You are viewing a plain text version of this content. The canonical link for it is here.
Posted to user@flink.apache.org by Jan Brusch <ja...@neuland-bfi.de> on 2021/02/04 14:13:37 UTC

[Stateful Functions] JDBC Sink Problems

Hello,

we are currently trying to implement a JDBC Sink in Stateful Functions 
as documented here: 
https://ci.apache.org/projects/flink/flink-statefun-docs-release-2.2/io-module/flink-connectors.html

However, when starting the application we are running into this error:

--------------------------------------------------------------------

java.lang.IllegalStateException: objects can not be reused with JDBC 
sink function at 
org.apache.flink.util.Preconditions.checkState(Preconditions.java:195) 
~[flink-dist_2.12-1.11.3.jar:1.11.3]
         at 
org.apache.flink.connector.jdbc.JdbcSink.lambda$sink$97f3ed45$1(JdbcSink.java:67) 
~[?:?]
         at 
org.apache.flink.connector.jdbc.internal.JdbcBatchingOutputFormat.createAndOpenStatementExecutor(JdbcBatchingOutputFormat.java:131) 
~[?:?]
         at 
org.apache.flink.connector.jdbc.internal.JdbcBatchingOutputFormat.open(JdbcBatchingOutputFormat.java:113) 
~[?:?]                                  at 
org.apache.flink.connector.jdbc.internal.GenericJdbcSinkFunction.open(GenericJdbcSinkFunction.java:50) 
~[?:?]
         at 
org.apache.flink.api.common.functions.util.FunctionUtils.openFunction(FunctionUtils.java:36) 
~[flink-dist_2.12-1.11.3.jar:1.11.3]
         at 
org.apache.flink.streaming.api.operators.AbstractUdfStreamOperator.open(AbstractUdfStreamOperator.java:102) 
~[flink-dist_2.12-1.11.3.jar:1.11.3]
         at 
org.apache.flink.streaming.api.operators.StreamSink.open(StreamSink.java:48) 
~[flink-dist_2.12-1.11.3.jar:1.11.3]
         at 
org.apache.flink.streaming.runtime.tasks.OperatorChain.initializeStateAndOpenOperators(OperatorChain.java:291) 
~[flink-dist_2.12-1.11.3.ja
r:1.11.3]
         at 
org.apache.flink.streaming.runtime.tasks.StreamTask.lambda$beforeInvoke$1(StreamTask.java:506) 
~[flink-dist_2.12-1.11.3.jar:1.11.3]
         at 
org.apache.flink.streaming.runtime.tasks.StreamTaskActionExecutor$1.runThrowing(StreamTaskActionExecutor.java:47) 
~[flink-dist_2.12-1.11.3
.jar:1.11.3]
         at 
org.apache.flink.streaming.runtime.tasks.StreamTask.beforeInvoke(StreamTask.java:475) 
~[flink-dist_2.12-1.11.3.jar:1.11.3]
         at 
org.apache.flink.streaming.runtime.tasks.StreamTask.invoke(StreamTask.java:526) 
~[flink-dist_2.12-1.11.3.jar:1.11.3]
         at 
org.apache.flink.runtime.taskmanager.Task.doRun(Task.java:721) 
~[flink-dist_2.12-1.11.3.jar:1.11.3]
         at org.apache.flink.runtime.taskmanager.Task.run(Task.java:546) 
~[flink-dist_2.12-1.11.3.jar:1.11.3]
         at java.lang.Thread.run(Thread.java:748) ~[?:1.8.0_275]
2021-02-04 13:59:49,121 INFO 
org.apache.flink.runtime.executiongraph.failover.flip1.RestartPipelinedRegionFailoverStrategy 
[] - Calculating tasks to
  restart to recover the failed task 31284d56d1e2112b0f20099ee448a6a9_0.
2021-02-04 13:59:49,122 INFO 
org.apache.flink.runtime.executiongraph.failover.flip1.RestartPipelinedRegionFailoverStrategy 
[] - 8 tasks should be re
started to recover the failed task 31284d56d1e2112b0f20099ee448a6a9_0.
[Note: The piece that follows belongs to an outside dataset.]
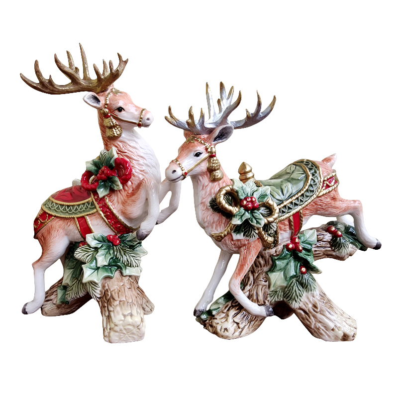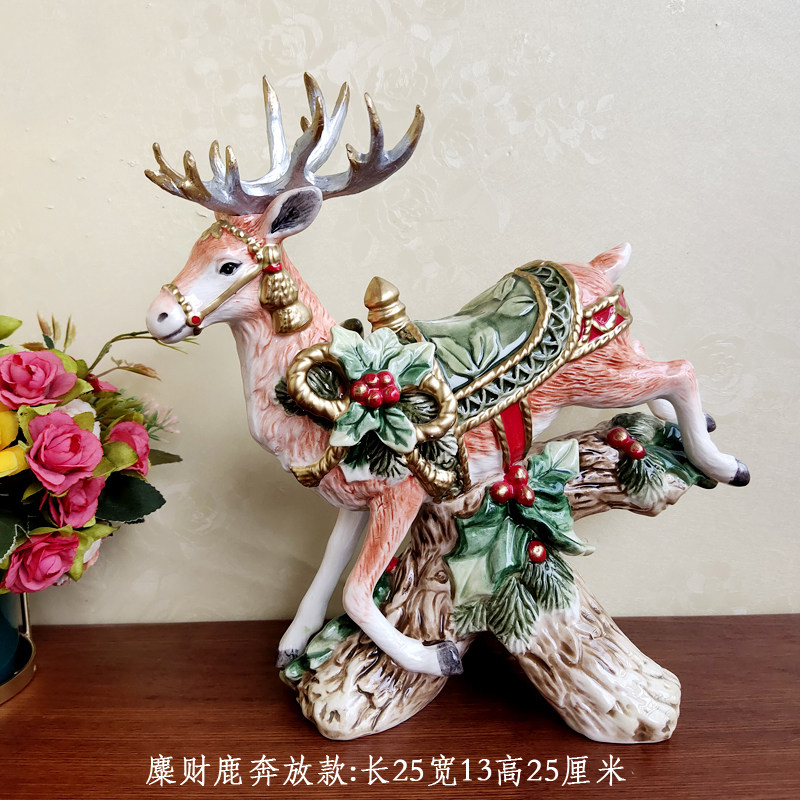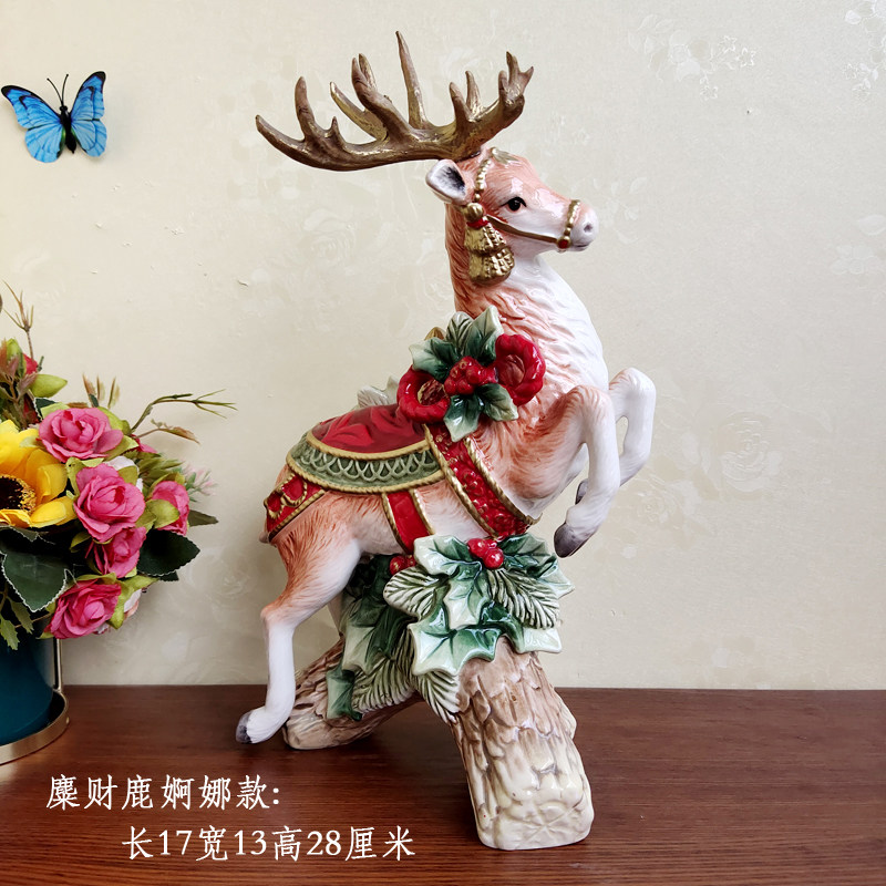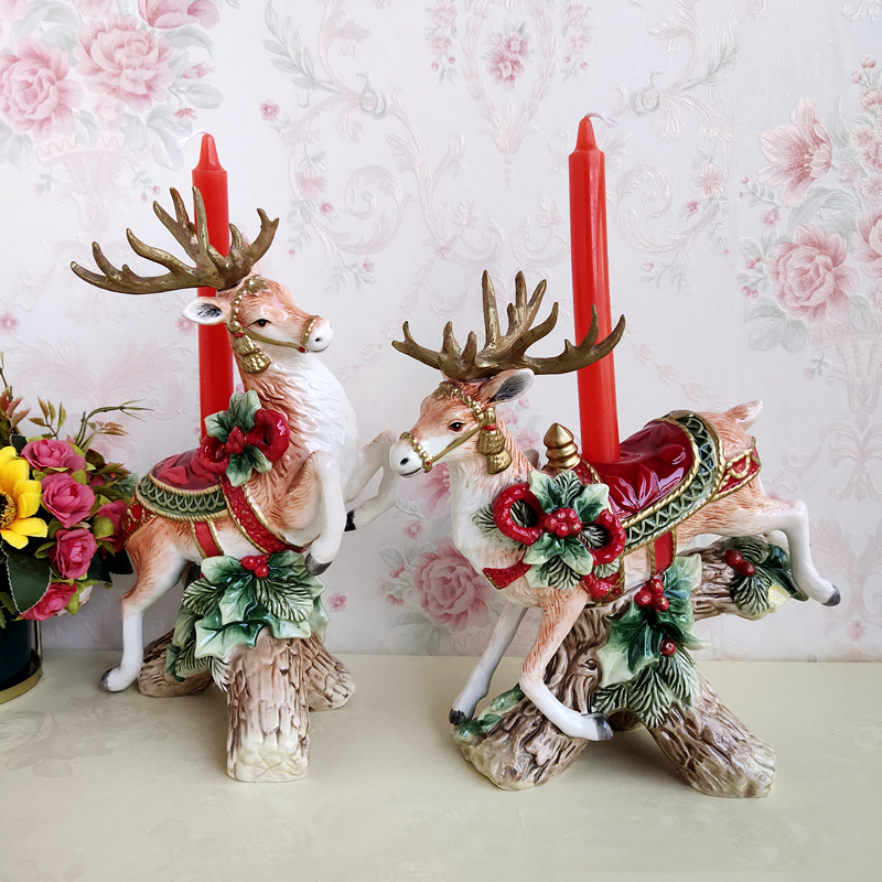 出口外单陶瓷耶诞麋鹿烛台节日饭厅布置装饰礼品欧式祝福装饰

-------------------------------------------------------------------

We tested the same sink in a regular flink application under similar 
circumstances (Protobuf Objects etc.) and it works just fine. As a 
solution we have tried to set the parameter "pipeline.object-reuse" in 
the flink-conf.yaml of the stateful functions application to true, but 
that had no effect on the above error message. Stateful Functions 
version is 2.2.2


Did anyone else see this problem before?


Relevant Application Code:

-------- MyMessageSink.java -----

public class MyMessageSink {
     public static final EgressIdentifier<MyMessage> SINK_ID =
             new EgressIdentifier<>("mynamespace", "MyMessageSink", 
MyMessage.class);

     public EgressSpec<MyMessage> getEgressSpec() {
         JdbcConnectionOptions jdbcConnectionOptions = new 
JdbcConnectionOptions.JdbcConnectionOptionsBuilder()
                 .withDriverName("org.postgresql.Driver")
.withUrl("jdbc:postgresql://localhost:5432/mydb?user=foo&password=bar")
                 .build();
         JdbcStatementBuilder<MyMessage> jdbcStatementBuilder = 
(statementTemplate, myMessage) -> {
             statementTemplate.setString(1, myMessage.getFirstField());
             statementTemplate.setString(2, 
accountSessionMessage.getSecondField());
         };
         SinkFunction<MyMessage> sinkFunction = JdbcSink.sink(
                 "INSERT INTO my_table (first_field, second_field) 
VALUES( ?, ? ) ON CONFLICT (first_field, second_field) DO NOTHING;",
                 jdbcStatementBuilder,
                 jdbcConnectionOptions
         );
         return new SinkFunctionSpec<>(
                 SINK_ID,
                 sinkFunction
         );
     }

}

---------------------------------------


----------- Module.java ---------------

...

MyMessageSink myMessageSink = new MyMessageSink();
binder.bindEgress(myMessageSink.getEgressSpec());

...

----------------------------------------------


Best regards,

Jan

-- 
neuland  – Büro für Informatik GmbH
Konsul-Smidt-Str. 8g, 28217 Bremen

Telefon (0421) 380107 57
Fax (0421) 380107 99
https://www.neuland-bfi.de

https://twitter.com/neuland
https://facebook.com/neulandbfi
https://xing.com/company/neulandbfi


Geschäftsführer: Thomas Gebauer, Jan Zander
Registergericht: Amtsgericht Bremen, HRB 23395 HB
USt-ID. DE 246585501


Re: [Stateful Functions] JDBC Sink Problems

Posted by Jan Brusch <ja...@neuland-bfi.de>.
Hi Igal,

thanks for the quick reply (as always) and the corresponding issue.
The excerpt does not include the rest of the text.